- Exercise aim -
Go to the line below that has "Жерновая кофемолка Kitfort", print it and each line after it exactly, and stop after the line that has "Magsafe, color negro?"; leave out pictures.

(Dataset items)

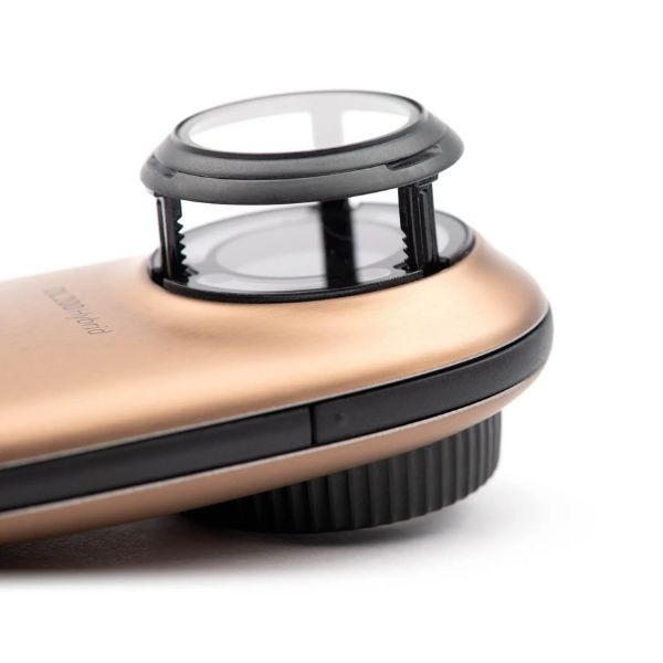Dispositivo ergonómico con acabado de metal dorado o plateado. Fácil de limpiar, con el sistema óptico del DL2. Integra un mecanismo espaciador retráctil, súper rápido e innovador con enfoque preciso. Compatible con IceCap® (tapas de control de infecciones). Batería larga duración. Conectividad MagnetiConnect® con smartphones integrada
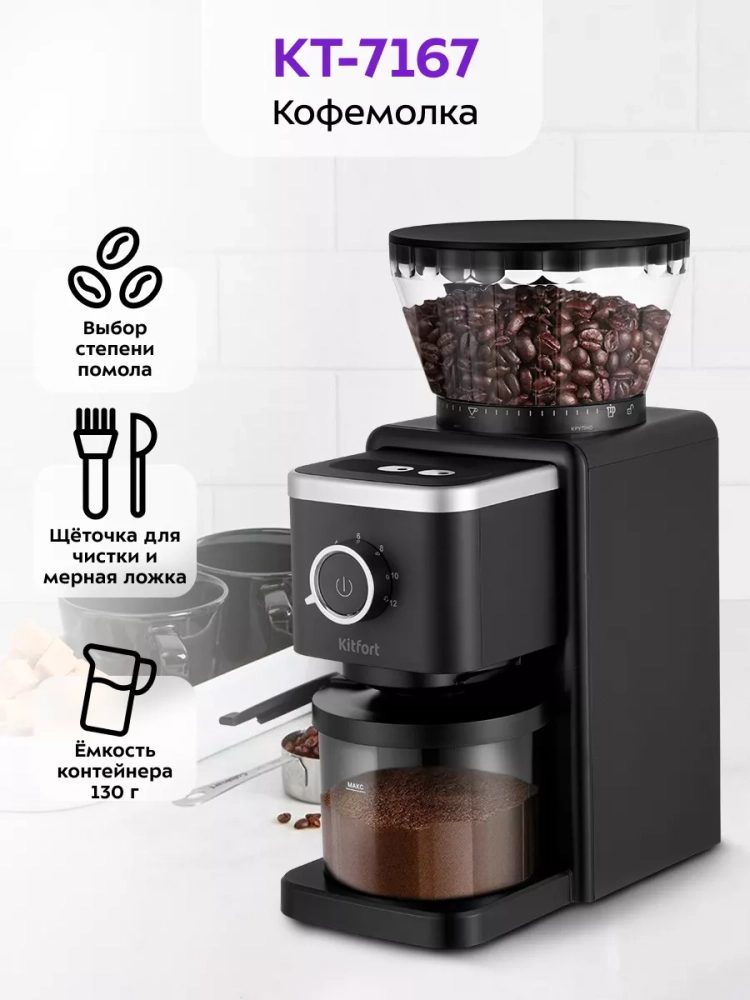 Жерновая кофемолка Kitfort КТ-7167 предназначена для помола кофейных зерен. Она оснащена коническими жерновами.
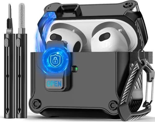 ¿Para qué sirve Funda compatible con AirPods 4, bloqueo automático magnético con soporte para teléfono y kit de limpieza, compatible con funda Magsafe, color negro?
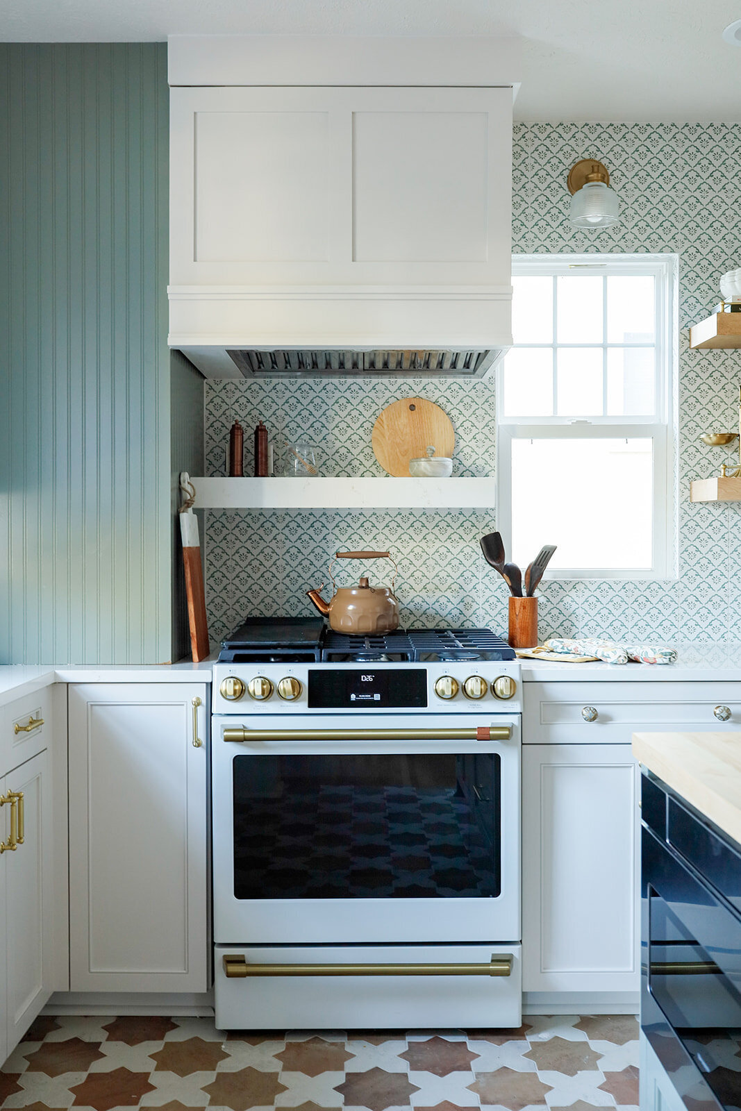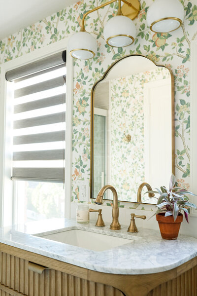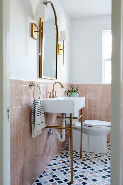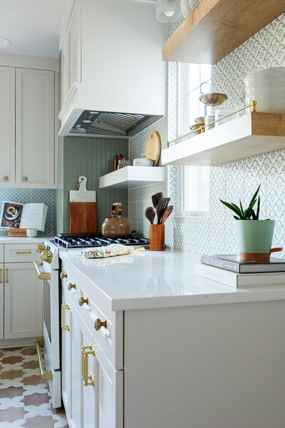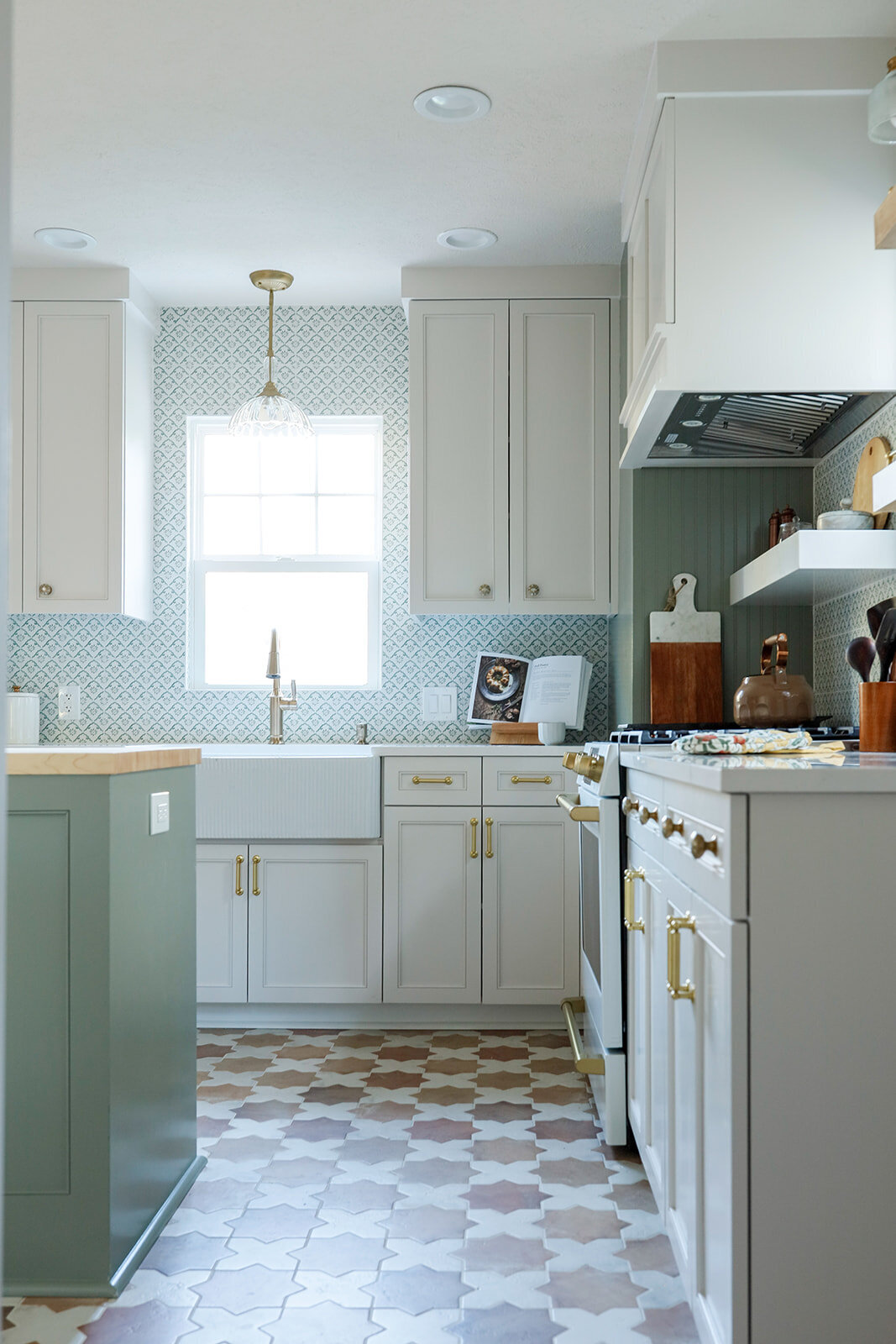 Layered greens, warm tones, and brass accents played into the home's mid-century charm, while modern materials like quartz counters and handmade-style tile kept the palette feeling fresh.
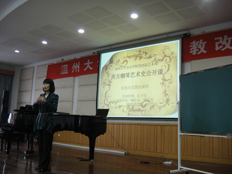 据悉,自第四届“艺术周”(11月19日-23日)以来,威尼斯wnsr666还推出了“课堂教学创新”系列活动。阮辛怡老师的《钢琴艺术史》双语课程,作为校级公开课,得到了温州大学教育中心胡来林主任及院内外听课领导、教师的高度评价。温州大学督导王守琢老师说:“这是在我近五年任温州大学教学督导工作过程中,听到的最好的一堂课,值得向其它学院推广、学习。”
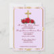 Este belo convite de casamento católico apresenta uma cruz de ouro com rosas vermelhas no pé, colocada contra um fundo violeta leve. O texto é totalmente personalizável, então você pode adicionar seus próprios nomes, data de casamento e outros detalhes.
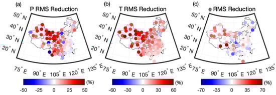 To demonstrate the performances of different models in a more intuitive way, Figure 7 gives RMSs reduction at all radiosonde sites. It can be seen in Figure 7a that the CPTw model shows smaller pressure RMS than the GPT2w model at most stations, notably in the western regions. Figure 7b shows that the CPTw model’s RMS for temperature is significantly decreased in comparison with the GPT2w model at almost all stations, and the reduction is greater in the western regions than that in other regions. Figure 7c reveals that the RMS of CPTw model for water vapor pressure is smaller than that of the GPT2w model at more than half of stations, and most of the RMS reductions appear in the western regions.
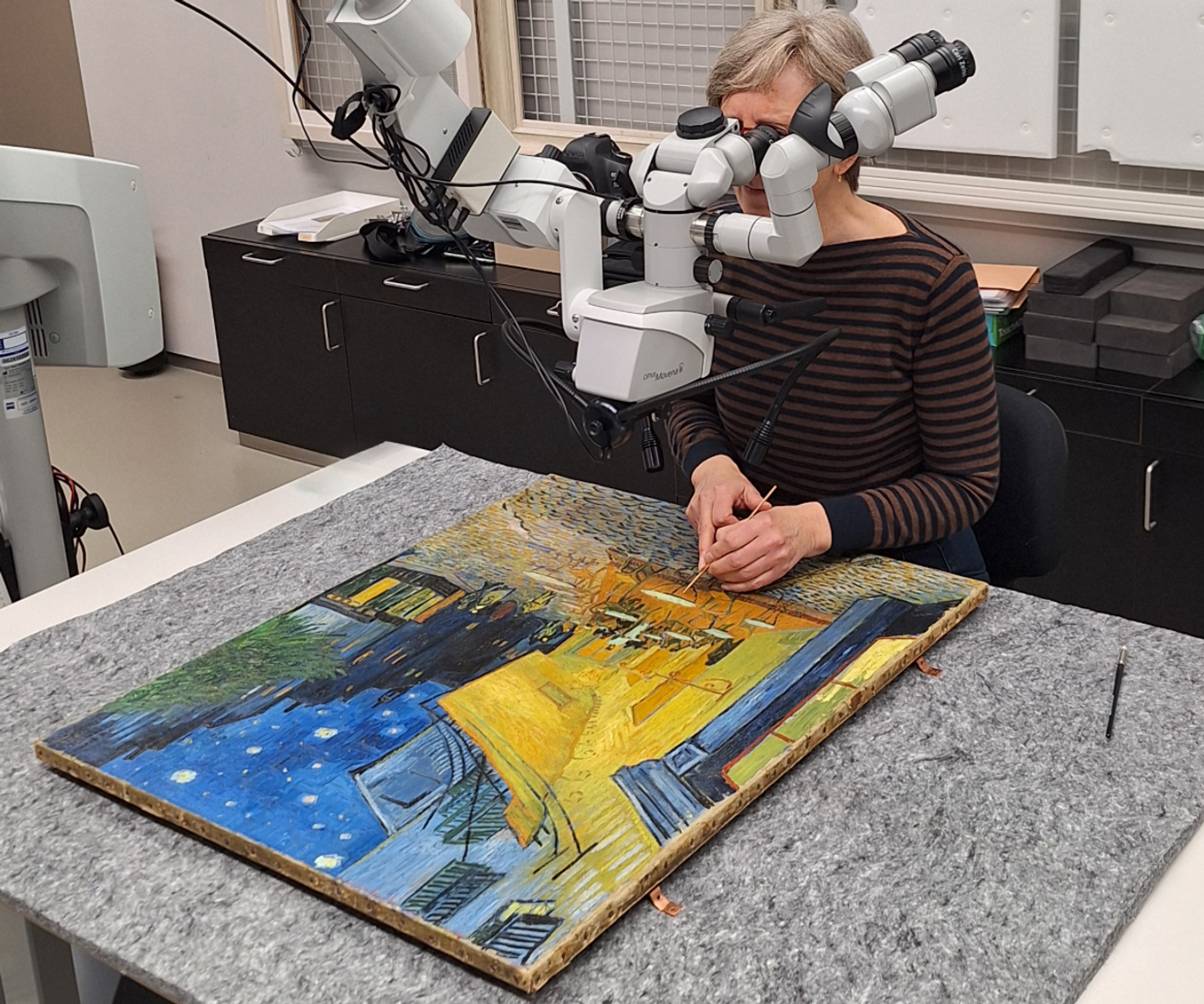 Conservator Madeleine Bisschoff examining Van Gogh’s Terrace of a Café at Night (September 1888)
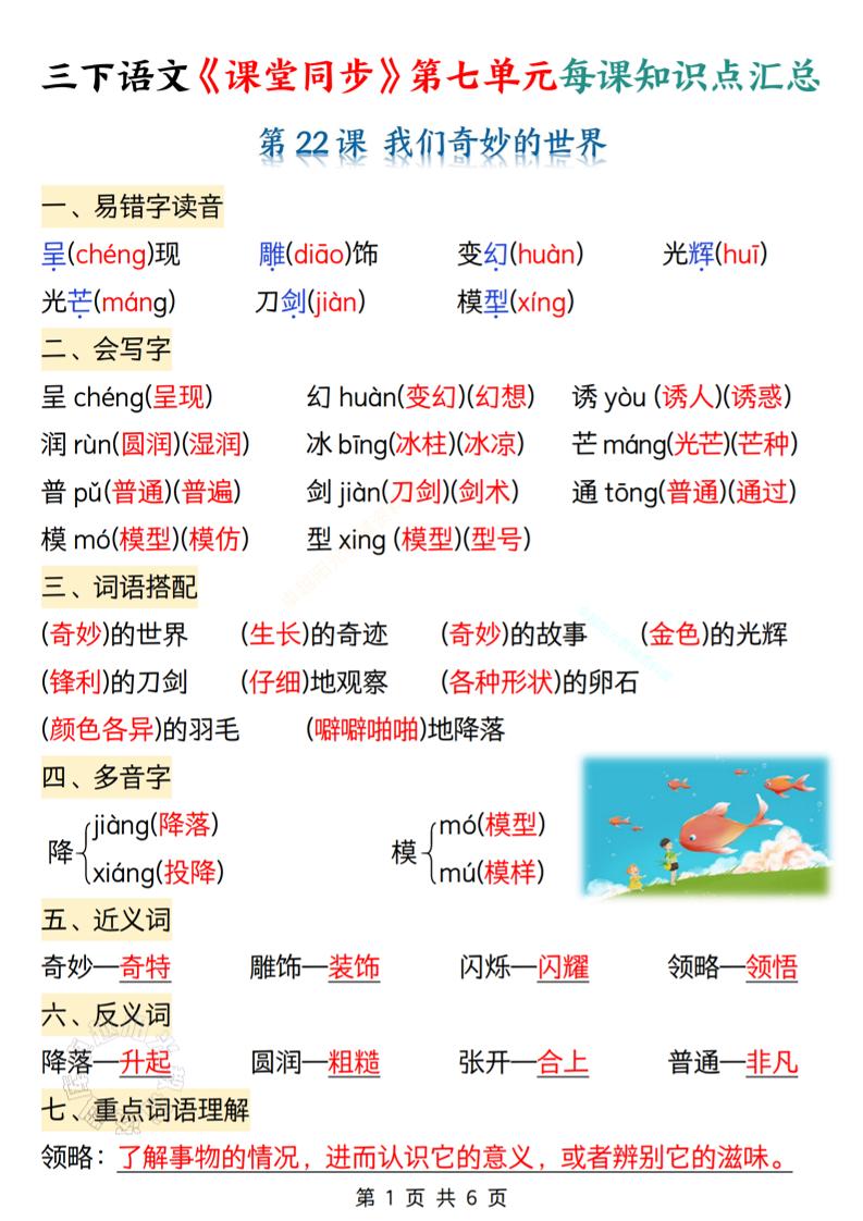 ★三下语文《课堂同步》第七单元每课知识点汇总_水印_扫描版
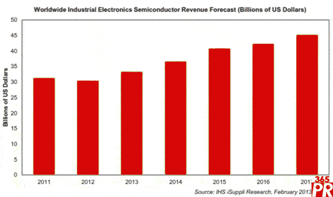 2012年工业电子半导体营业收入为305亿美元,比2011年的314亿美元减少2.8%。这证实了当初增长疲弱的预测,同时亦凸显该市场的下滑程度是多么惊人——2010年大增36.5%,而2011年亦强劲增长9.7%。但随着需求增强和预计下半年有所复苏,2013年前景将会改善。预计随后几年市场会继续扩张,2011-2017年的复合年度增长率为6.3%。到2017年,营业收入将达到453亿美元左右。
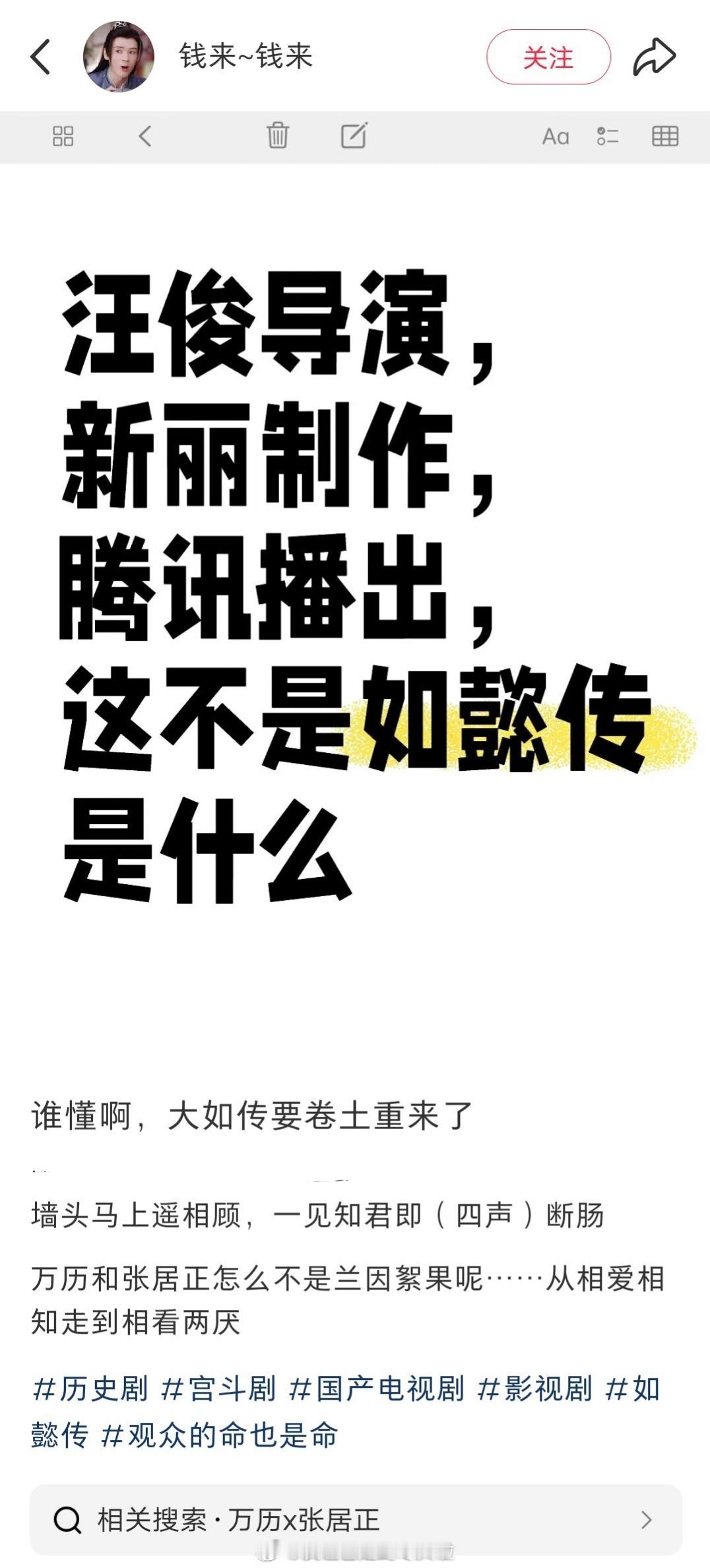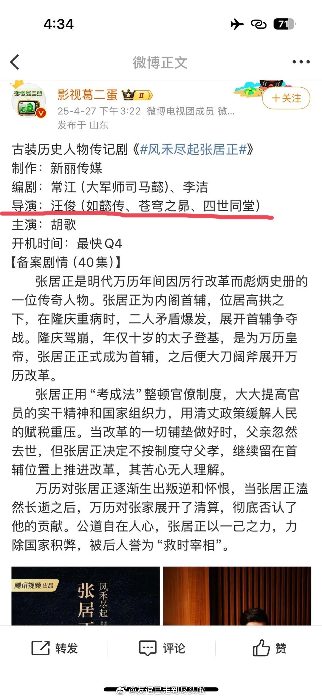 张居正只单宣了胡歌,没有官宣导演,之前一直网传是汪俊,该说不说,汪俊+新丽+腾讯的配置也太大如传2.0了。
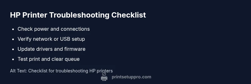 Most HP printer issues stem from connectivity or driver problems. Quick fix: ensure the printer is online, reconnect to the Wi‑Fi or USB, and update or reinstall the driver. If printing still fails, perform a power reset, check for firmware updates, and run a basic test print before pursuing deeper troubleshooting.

- Response box -
 Жерновая кофемолка Kitfort КТ-7167 предназначена для помола кофейных зерен. Она оснащена коническими жерновами.
 ¿Para qué sirve Funda compatible con AirPods 4, bloqueo automático magnético con soporte para teléfono y kit de limpieza, compatible con funda Magsafe, color negro?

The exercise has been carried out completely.